All that is wanted is the exact lines from the one with "新時代の営業手法を提案する株" through the last line of the entries, with both ends kept and every picture left out.
======== Supplied information
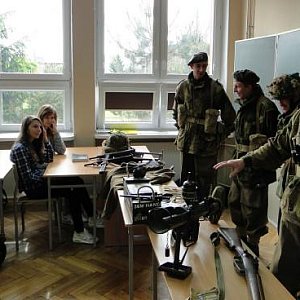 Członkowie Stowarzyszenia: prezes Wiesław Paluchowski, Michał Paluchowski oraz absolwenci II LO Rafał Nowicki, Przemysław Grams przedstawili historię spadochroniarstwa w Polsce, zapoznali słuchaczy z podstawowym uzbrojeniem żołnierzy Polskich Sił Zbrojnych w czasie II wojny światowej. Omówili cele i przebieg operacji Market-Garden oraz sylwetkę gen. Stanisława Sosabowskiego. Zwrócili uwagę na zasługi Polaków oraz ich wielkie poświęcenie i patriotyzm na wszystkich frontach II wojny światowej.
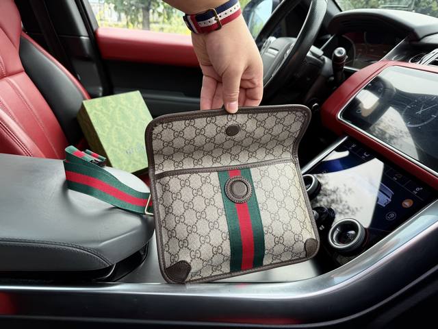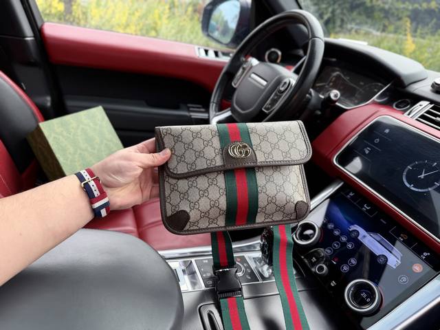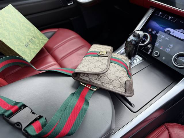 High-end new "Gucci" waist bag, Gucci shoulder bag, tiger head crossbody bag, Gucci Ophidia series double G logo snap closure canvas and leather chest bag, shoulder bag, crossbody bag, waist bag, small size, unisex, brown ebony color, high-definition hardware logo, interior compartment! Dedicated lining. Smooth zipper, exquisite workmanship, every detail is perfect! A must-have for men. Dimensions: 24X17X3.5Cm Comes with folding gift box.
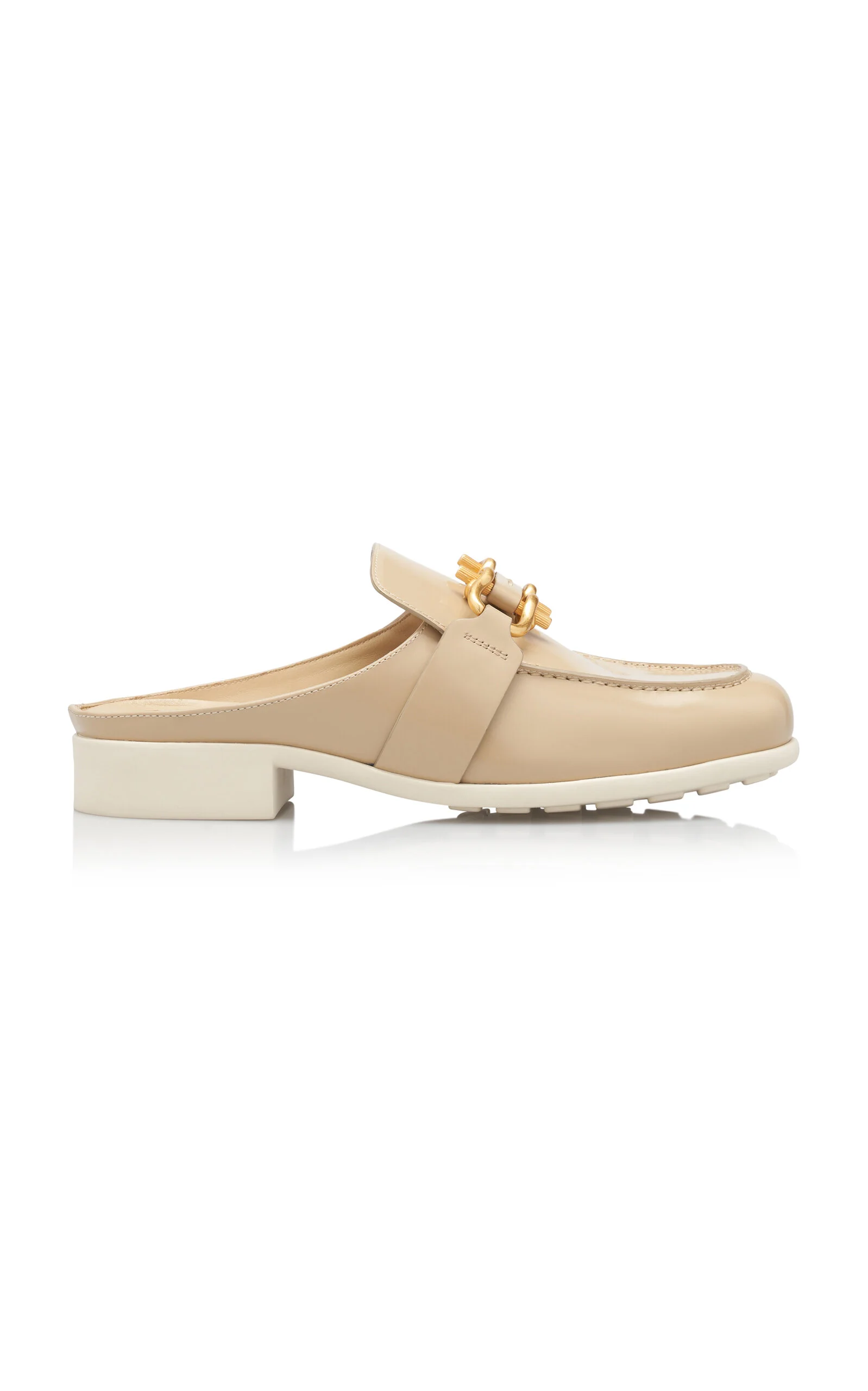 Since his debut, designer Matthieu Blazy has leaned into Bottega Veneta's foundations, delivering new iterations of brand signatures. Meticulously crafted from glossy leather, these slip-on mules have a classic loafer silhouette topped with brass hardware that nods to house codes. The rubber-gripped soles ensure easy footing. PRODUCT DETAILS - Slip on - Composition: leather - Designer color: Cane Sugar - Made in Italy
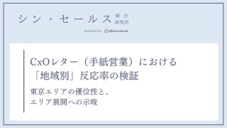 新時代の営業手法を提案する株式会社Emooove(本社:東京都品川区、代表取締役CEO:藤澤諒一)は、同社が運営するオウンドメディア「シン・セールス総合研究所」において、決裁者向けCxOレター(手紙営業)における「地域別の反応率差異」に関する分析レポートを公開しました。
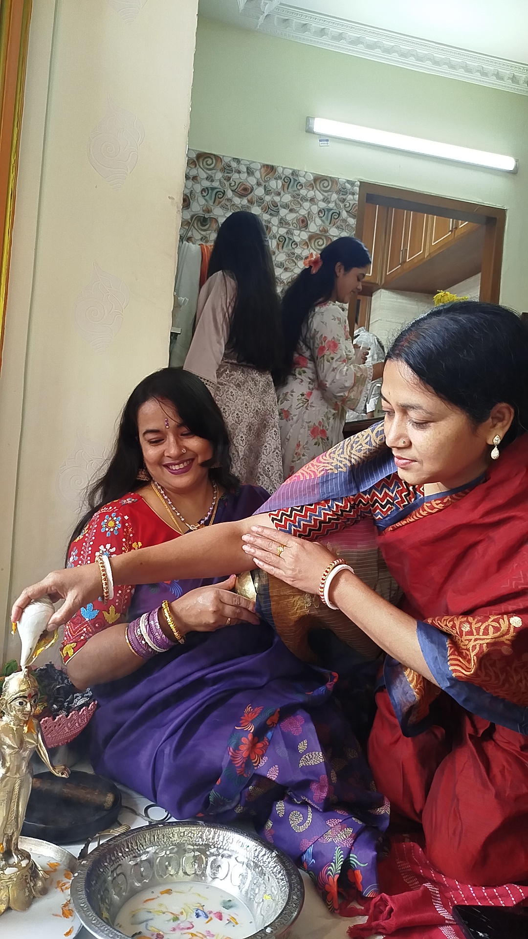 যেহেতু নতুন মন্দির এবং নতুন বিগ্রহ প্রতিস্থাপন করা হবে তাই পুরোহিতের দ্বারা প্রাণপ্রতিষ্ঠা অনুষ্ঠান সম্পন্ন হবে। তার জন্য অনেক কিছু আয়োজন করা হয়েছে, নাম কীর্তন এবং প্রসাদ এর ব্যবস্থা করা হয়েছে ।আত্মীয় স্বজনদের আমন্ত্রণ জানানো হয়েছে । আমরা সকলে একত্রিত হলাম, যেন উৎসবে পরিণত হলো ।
================
--- Written solution ---
 新時代の営業手法を提案する株式会社Emooove(本社:東京都品川区、代表取締役CEO:藤澤諒一)は、同社が運営するオウンドメディア「シン・セールス総合研究所」において、決裁者向けCxOレター(手紙営業)における「地域別の反応率差異」に関する分析レポートを公開しました。
 যেহেতু নতুন মন্দির এবং নতুন বিগ্রহ প্রতিস্থাপন করা হবে তাই পুরোহিতের দ্বারা প্রাণপ্রতিষ্ঠা অনুষ্ঠান সম্পন্ন হবে। তার জন্য অনেক কিছু আয়োজন করা হয়েছে, নাম কীর্তন এবং প্রসাদ এর ব্যবস্থা করা হয়েছে ।আত্মীয় স্বজনদের আমন্ত্রণ জানানো হয়েছে । আমরা সকলে একত্রিত হলাম, যেন উৎসবে পরিণত হলো ।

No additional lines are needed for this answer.